Neuroprotective Strategies for Extremely Preterm Neonates in Clinical Practice
Delayed umbilical cord clamping for at least 30 seconds is the most important neuroprotective strategy for extremely preterm infants who do not require immediate resuscitation at birth. 1 This practice should be combined with other evidence-based interventions to form a comprehensive neuroprotection bundle.

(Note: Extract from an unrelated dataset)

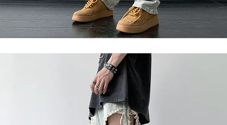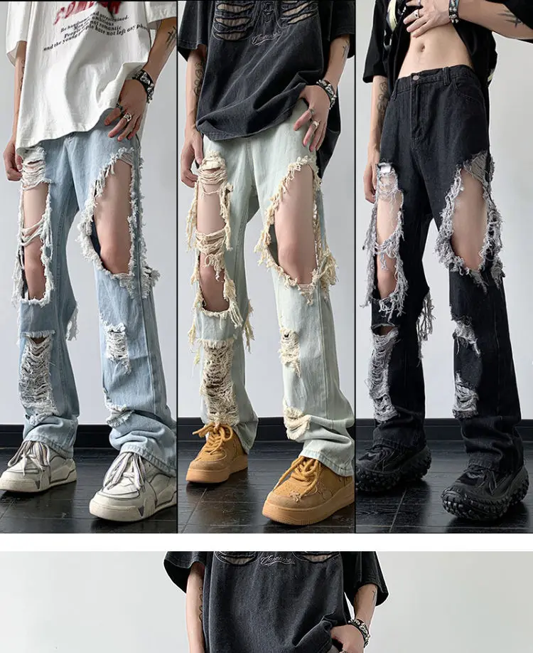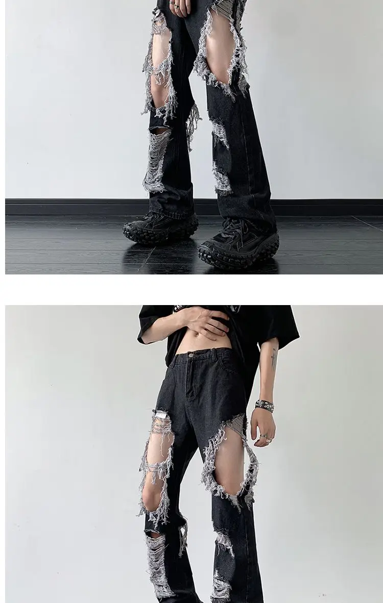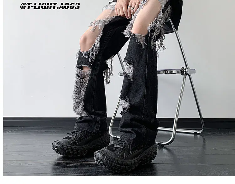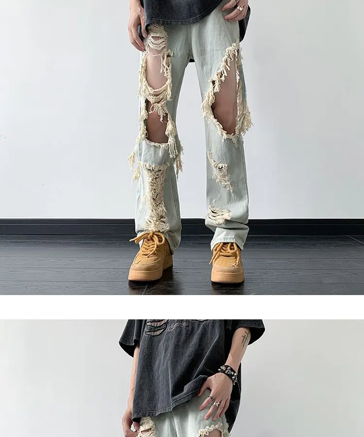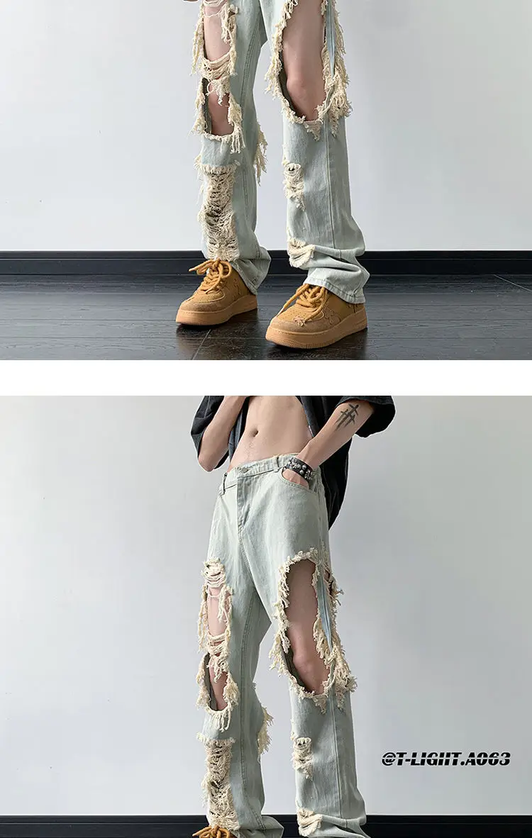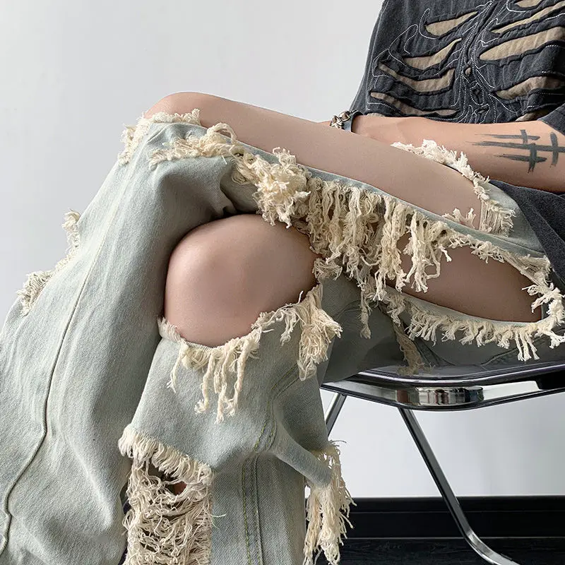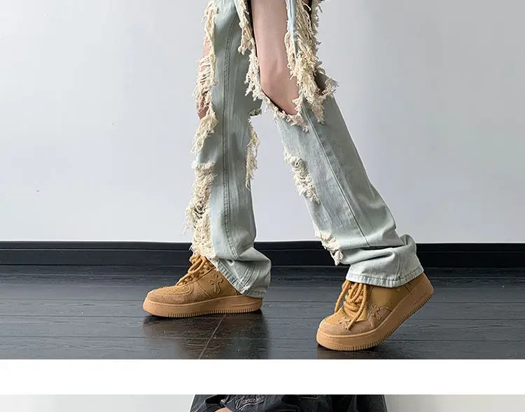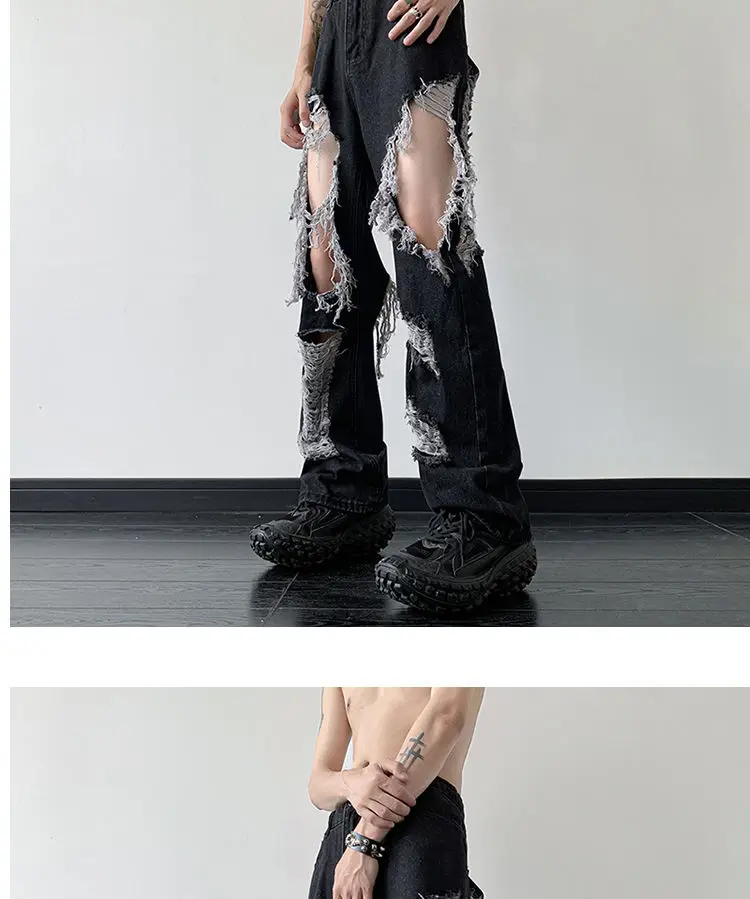 Threebooy Y2K Tassel Ripped Jeans Men High Street Beggars Pants

Antenatal Neuroprotective Strategies
Maternal Interventions
- Antenatal corticosteroids: Should be administered to women at risk of preterm birth to reduce respiratory distress syndrome and improve neonatal outcomes
- Magnesium sulfate: Should be given to women at risk of preterm birth before 32 weeks for fetal neuroprotection 2
- Transfer to appropriate facility: Whenever possible, periviable births should occur in centers with level III-IV NICU capabilities 1
Delivery Room Management
Cord Management
- Delayed cord clamping: Wait at least 30 seconds before clamping the umbilical cord in preterm infants not requiring immediate resuscitation 1
- Cord milking: Not recommended for infants born at less than 29 weeks gestation outside of research settings due to insufficient evidence for long-term outcomes 1
Temperature Management
- Maintain normothermia: Temperature of preterm infants should be maintained between 36.5°C and 37.5°C after birth 1
- Prevention strategies:
- Use radiant warmers and plastic wrap with cap
- Consider thermal mattresses for infants <32 weeks
- Use warmed humidified resuscitation gases
- Increase delivery room temperature 1
Respiratory Support
- Initial oxygen concentration: Begin resuscitation with low oxygen concentration (21%-30%) rather than high oxygen (65%-100%) 1
- Non-invasive ventilation: Use early CPAP with selective surfactant administration rather than routine intubation 3
- Lung-protective ventilation: If mechanical ventilation is necessary, use lower tidal volumes (3.5-5 mL/kg) 3
NICU Management
Pharmacological Interventions
- Caffeine therapy: Administer caffeine citrate to prevent apnea of prematurity with loading dose of 20 mg/kg followed by maintenance dose of 5 mg/kg daily 4
- Benefits include improved respiratory outcomes and potential neuroprotection
- Mechanism involves stimulation of respiratory center, increased minute ventilation, and antagonism of adenosine receptors 4
Hemodynamic Management
- Minimize hypotension treatment: Avoid unnecessary use of inotropes and fluid boluses, which are associated with increased risk of brain injury 5
- Maintain cerebral perfusion: Avoid rapid fluctuations in blood pressure
Positioning and Handling
- Midline head positioning: Maintain neutral head position to optimize cerebral venous drainage 5
- Minimal handling: Implement clustered care to reduce stress and physiological instability 5
Neuroprotection Care Bundle
Implementation of a structured neuroprotection care bundle has been shown to significantly reduce death or severe brain injury in extremely preterm infants (adjusted odds ratio 0.34; 95% CI 0.20-0.59) 5. Key components include:
- Minimal handling protocols
- Midline head positioning
- Delayed cord clamping
- Protocolized hemodynamic management
- Standardized respiratory management
Monitoring and Follow-up
- Regular cranial ultrasound screening to detect intraventricular hemorrhage
- Monitor for signs of post-hemorrhagic hydrocephalus in infants with IVH
- Long-term neurodevelopmental follow-up, as infants with unilateral periventricular hemorrhagic infarction have better outcomes than those with bilateral lesions 1
Pitfalls and Caveats
- Hyperthermia: Avoid temperatures >38.0°C due to potential associated risks 1
- Cord milking in extremely preterm infants: Current evidence suggests against routine use in infants <29 weeks gestation outside research settings 1
- Prolonged resuscitation: Decision to continue or discontinue resuscitative efforts must consider multiple factors including gestational age, adequacy of resuscitation, and availability of advanced neonatal care 1
- Oxygen management: Avoid both hypoxia and hyperoxia; titrate oxygen based on saturation targets
The implementation of these neuroprotective strategies requires a multidisciplinary approach involving obstetric and neonatal teams. When applied systematically, these interventions can significantly improve neurological outcomes for extremely preterm infants.